SLUG = "selection-sort"
OUTPUT_PATH = output_path(SLUG)
save_it = partial(save_chart, output_path=OUTPUT_PATH)

Parts of the Algorithm

Item Answer
Specification This is a Sorting Problem.
Basic Steps We're going to repeatedly select the smallest item in the unselected.
Measure Progress We'll know we're progressing by the number of elements we've selected (k).
Loop Invariant None of the selected elements is larger than any element in the unselected and the selected items are in sorted order. The unselected items contain the largest elements in the list.
What are the Main Steps? 1. Find the smallest unsorted element
  2. Put the selected element at the end of the previously selected element(s)
Making Progress The number of selected items (k) always goes up after each loop.
Loop Invariant Maintenance - The previous Loop Invariant tells us that all the unselected items were at least as large or larger than the largest of the selected items.
  - We chose the largest item of the unselected so it's as big or bigger than the biggest selected item.
  - Putting the selected item at the end of the previously selected items maintains the Loop Invariant.
Establish the Loop Invariant At the start, no items have been selected so the Loop Invariant is vacuously true.
Exit-Condition We stop when all the items have been selected.
Ending - Exit-Condition: All items have been selected
  - Loop Invariant: All selected are sorted.
  - So our output has all the original items and they are now sorted, satisfying the Postconditions.

Running Time

\begin{align} C(n) &= \sum_{i=0}^{n-2} \sum_{j=i+1}^{n-1} 1\\ &= \frac{n(n-1)}{2} \in \Theta{n^2} \end{align}

The Pseudocode

\begin{algorithm}
\caption{SelectionSort}
\begin{algorithmic}
\INPUT An array of orderable items
\OUTPUT The array sorted in ascending order
\PROCEDURE{SelectionSort}{$A$}
  \FOR{$i \gets 0$ to $n - 2$}
    \STATE $min \gets i$
    \FOR{$j \gets i + 1$ to $n - 1$}
      \IF{$A[j] < A[min]$}
       \STATE $min \gets j$
      \ENDIF
    \ENDFOR
    \STATE Swap $A[i]$ and $A[min]$
  \ENDFOR
\ENDPROCEDURE
\end{algorithmic}
\end{algorithm}

The outer loop (where i is set) tracks the number of items selected so far (which is the same thing as the size of the sorted section at the beginning of the list). The inner loop goes over the remaining, previously unselected, items in the list and looks for the index of the smallest item, it then puts that smallest item at the beginning of the unselected items and moves what was at the beginning to where the smallest item was. Once the swap is done, the sub-list on the left-side of the list is now bigger by one so the outer loop increments and then we search for the next smallest item, and so on until all the items have been selected (except for the last item) and the list is sorted.

The Implementations

Selection Sort

This will be a straight translation of the pseudocode (or straight-ish).
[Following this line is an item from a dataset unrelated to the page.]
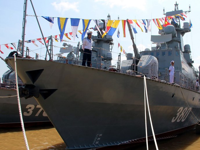 Lễ thượng cờ hai tàu tên lửa tấn công nhanh.Ảnh: Thanh niên. |

from collections.abc import MutableSequence
from collections import namedtuple
from typing import Any, Dict
SelectionOutput = namedtuple("SelectionOutput",
                             ["element_count",
                              "comparisons",
                              "swaps",
                              "elements"])
Swaps = Dict[int, list[int]]
Sortable = MutableSequence[Any]
def selection_counter(elements: Sortable) -> SelectionOutput:
    """Does the selection sort on the elements

    Args:
     elements: list of orderable objects

    Returns:
     (number of elements, comparisons, swaps)
    """
    number_of_elements = len(elements)
    comparisons = swaps = 0

    for start_of_unselected in range(number_of_elements - 1):
        smallest_unselected = start_of_unselected
        for next_unselected in range(start_of_unselected + 1,
                                     number_of_elements):
            comparisons += 1
            if elements[next_unselected] < elements[smallest_unselected]:
                smallest_unselected = next_unselected
        swaps += 1
        elements[start_of_unselected], elements[smallest_unselected] = (
            elements[smallest_unselected], elements[start_of_unselected]
        )
    return SelectionOutput(element_count=number_of_elements,
                           comparisons=comparisons,
                           swaps=swaps,
                           elements=elements)

Some Checks

def check(collection: list, n: int, comparisons: int, swaps: int) -> None:
    """Check that the sort worked

    Args:
     collection: the sorted collection
     n: number of elements in the collection
     comparisons: number of comparisons made
     swaps: number of swaps made

    Raises:
     AssertionError: some check didn't match
    """
    expect(n).to(equal(len(collection)))
    runtime = (n * (n - 1))/2
    expect(comparisons).to(equal(runtime))
    expect(swaps).to(equal(n - 1))
    expect(list(collection)).to(contain_exactly(*list(sorted(collection))))
    return

test = [1, 2, 3]
n, comparisons, swaps, _ = selection_counter(test)
check(test, n, comparisons, swaps)

test = [4, 3, 2, 1]
n, comparisons, swaps, _ = selection_counter(test)
check(test, n, comparisons, swaps)

COUNT = 1000
test = random.integers(low=0, high=COUNT, size=COUNT)
n, comparisons, swaps, _ = selection_counter(test)
check(test, n, comparisons, swaps)

Run It

So, let's see how it does. We'll set the selection sort up as a numba function and set up the things to sort so that we can compare it to the bubble sort.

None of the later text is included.